El Diario me hubiera encantado saber de él cuando yo me enfermé, creo que me hubiera sentido más segura y más informada con todo lo relacionado con mi enfermedad, pues como mencioné, con mi doctor no tengo la dicha de llevarme bien y que he llegado al grado de tener que ir a poner quejas con su jefe para que le llamen la atención, y también no tener miedo a pedir ayuda profesional, algo que debe de ser como un chip que debemos de tener los enfermos renales es tener un buen nutriólogo especialista renal, pues desde mi experiencia, sigo sin tener nutriólogo por varias razones; no se sienten expertos en el tema, me lo cambian en cada cita entre otras cosas.

El hecho de conocer este proyecto me causa una emoción enorme porque hoy en día son más las personas que tienen acceso a las tecnologías y el tener acceso a este tipo de información significa un apoyo enorme, en cuanto a saber todo lo relacionado con la enfermedad renal, los nuevos conceptos como, creatinina, urea, diálisis, hemodiálisis, trasplante, etc.

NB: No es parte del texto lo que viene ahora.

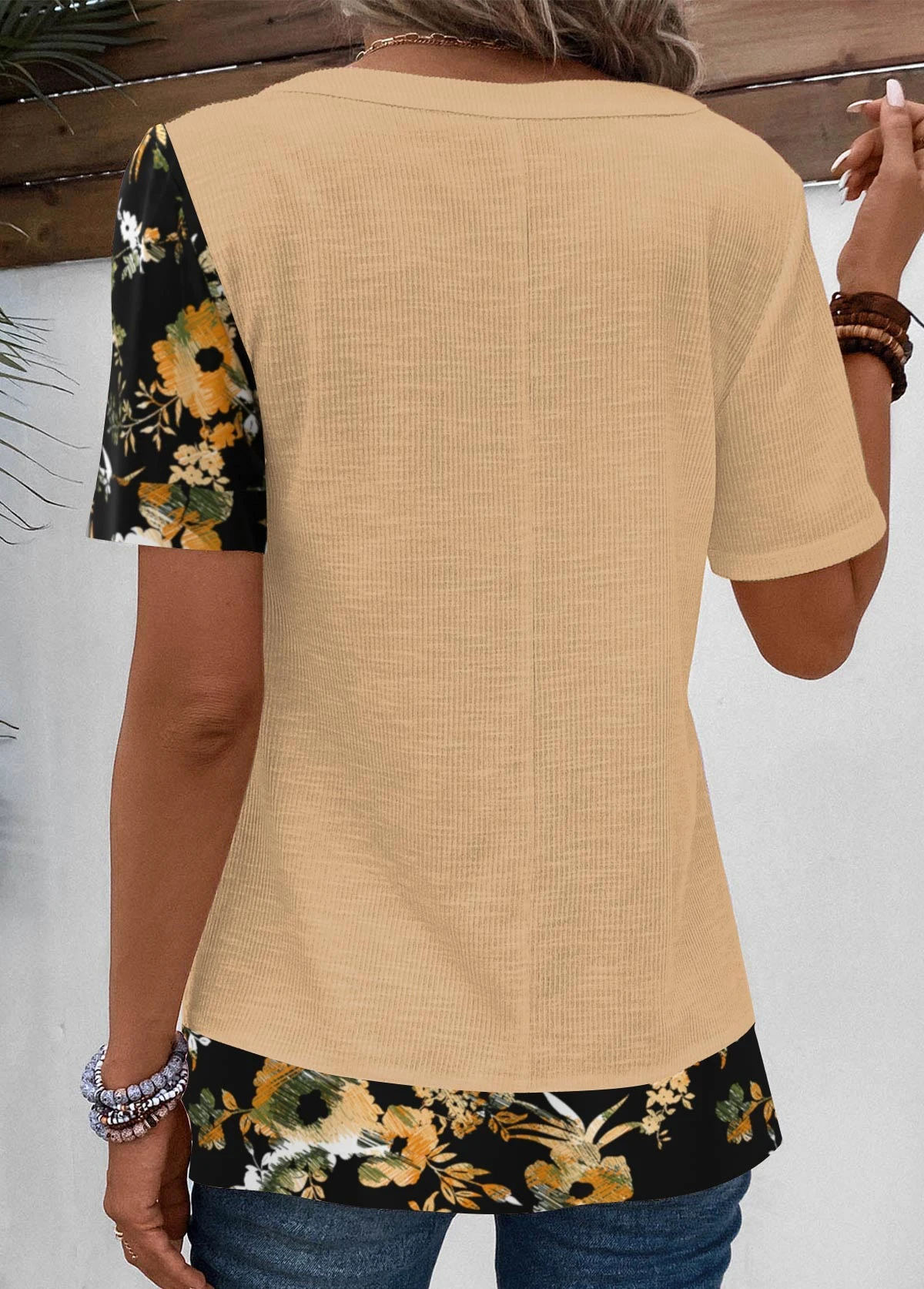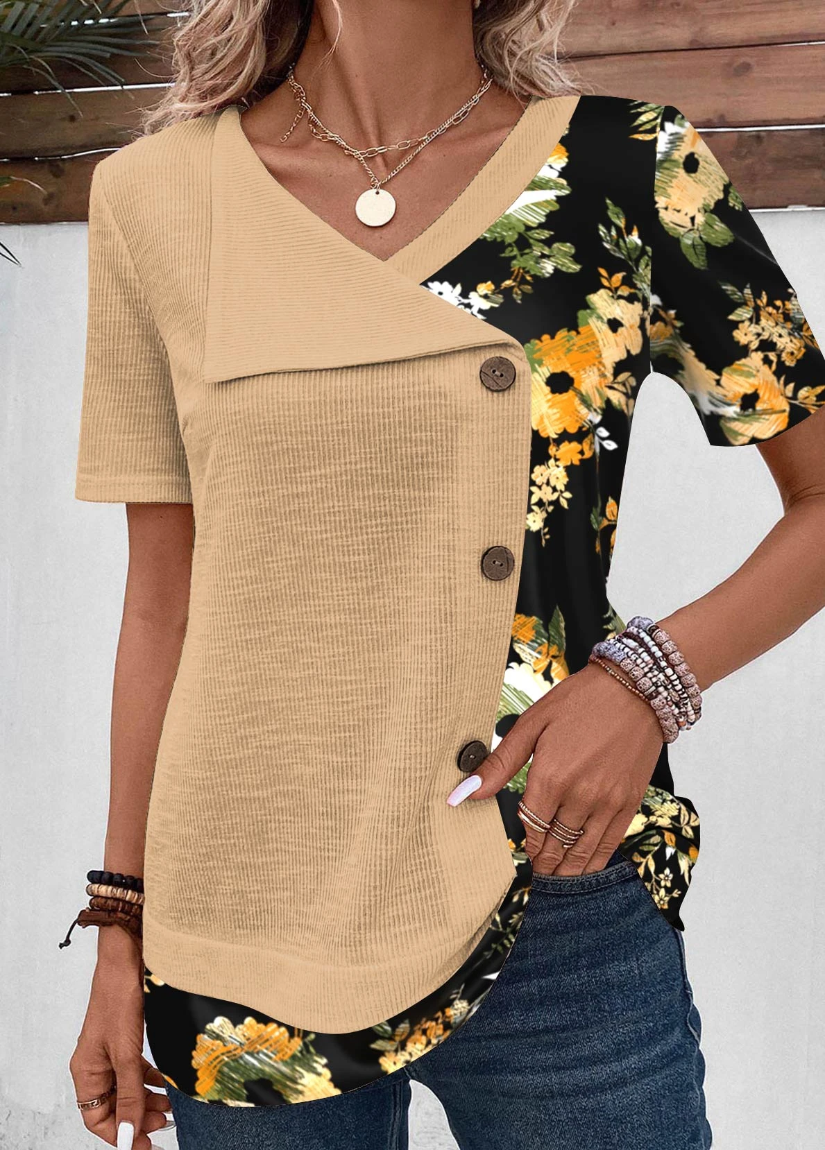 Floral Print Patchwork Light Camel Asymmetrical Neck Blouse

Me llamo Ana Karen García, tengo 21 años, estoy trasplantada desde hace 5 años y 7 meses, gracias a un ángel que está en el cielo y mi historia con la Insuficiencia Renal Crónica Terminal (IRCT) comenzó de la siguiente manera:

Me detectaron IRCT cuando tenía 14 años, como sabemos, enfermarse de los riñones es algo silencioso que, hasta que no requerimos algún tratamiento sustitutivo es cuando nos damos cuenta. Haber sido prematura (nací apenas cumplidos los 7 meses), enfermarme frecuentemente desde pequeña son algunos de los factores que influyeron para tener IRCT. En varias ocasiones los doctores me decían que lo que tenía era solo gastritis, sin embargo, en lugar de mejorar, mi salud iba decayendo.

El diagnóstico

Fue hasta el mes de diciembre del 2011, cuando mis papás pudieron llevarme a un doctor particular, quien me mandó a realizar estudios de todo, incluyendo radiografías, para descartar cualquier cosa. Mi cuerpo ya era otro, fui bajando de peso, mi color era amarillento y mi presión arterial era muy alta. Llegó el día, nunca lo voy a olvidar, el 22 de diciembre del 2011, el doctor me diagnosticó IRCT con base en los resultados de los análisis, tenía 14.9 de creatinina y de inmediato me mandó a internar para iniciar con algún tratamiento sustitutivo.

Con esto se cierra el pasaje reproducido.